When the first carton of French colonial reports that I was to sift through arrived on my desk at the Château de Vincennes, home of the French army’s historical archives, I thought the task before me was clear. I wanted to understand how colonial subjects came to form the nationalist movements that would confront the imperial state in the mid-twentieth century. I intended to extract information about nationalist protests in colonial Morocco from administrative and police reports and compile this information in a dataset that I would use to test hypotheses about the triggers of nationalist protest. It was a plan that I expected to be time consuming, particularly given the copious and meticulous documentation by French officials, but it was also, I thought, conceptually straightforward.
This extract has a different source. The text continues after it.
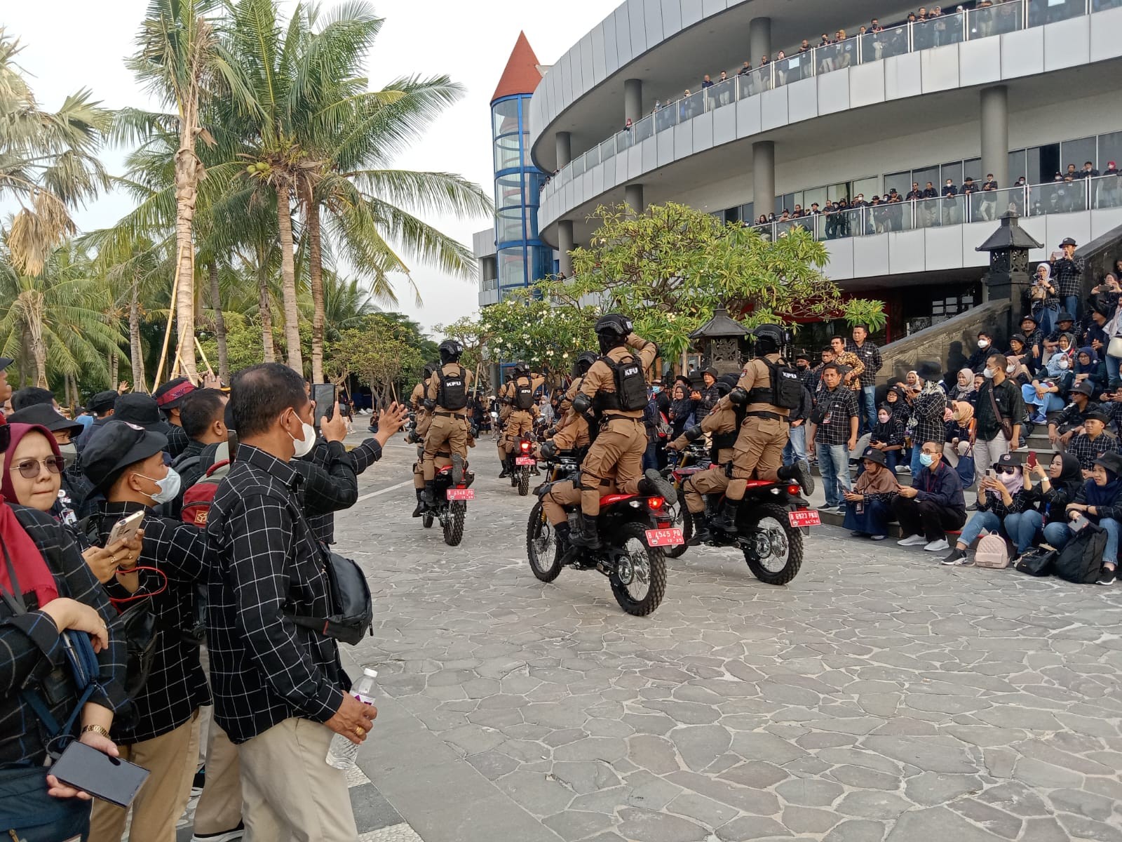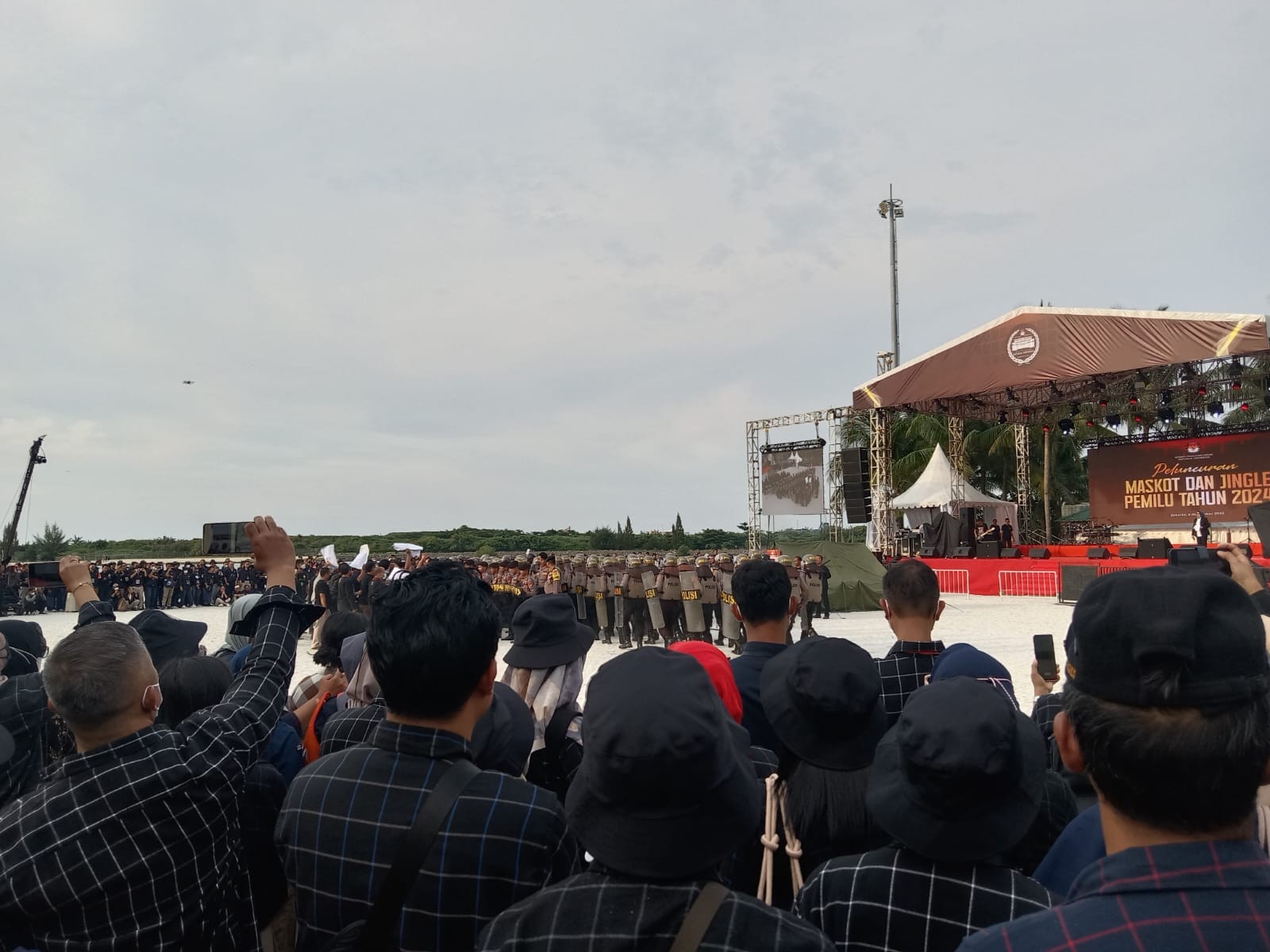Sebelum maskot Pemilu 2024 benar-benar diluncurkan, diperagakan simulasi pengendalian keamanan di kantor KPU pada sore hari pukul 16.28 WIB. Mengambil skenario demonstrasi yang tidak setuju dengan keputusan KPU Banten.

And yet, as I began delving into monthly reports on early protest activity in Morocco, I found myself unable to answer the most basic question: what counts as a “nationalist” protest? A June 1936 report described a demonstration in Casablanca; thirty “nationalists” protested against a local moussem, or religious festival, on the grounds that such celebrations of local saints are not sanctioned by Islam. What made these protestors nationalist, I wondered? The following month saw a series of protests in the towns of Casablanca, Khourgiba, and Fes when French and Moroccan workers went on strike for better working conditions. Should this event count as nationalist, or does the participation of French workers make it distinctly non-nationalist? In Meknes, more than 400 demonstrators took to the streets in September 1937 to protest changes to the existing water-sharing arrangement; infuriated that the waters of the Oued Boufekrane were to be redirected for use by French settlers, protestors shouted, “Not one glass of water for the settlers!” Should this be coded as nationalist? In November 1937, protests spread; protestors in multiple towns demanded reform, including the right to free speech and the right to unionize, but no one spoke of independence. Were these protests nevertheless nationalist? In January 1944, protestors took to the streets across the country to demand an end to French rule and independence for the Moroccan nation. Were these the first protests that should be called nationalist or were the earlier ones nationalist, too?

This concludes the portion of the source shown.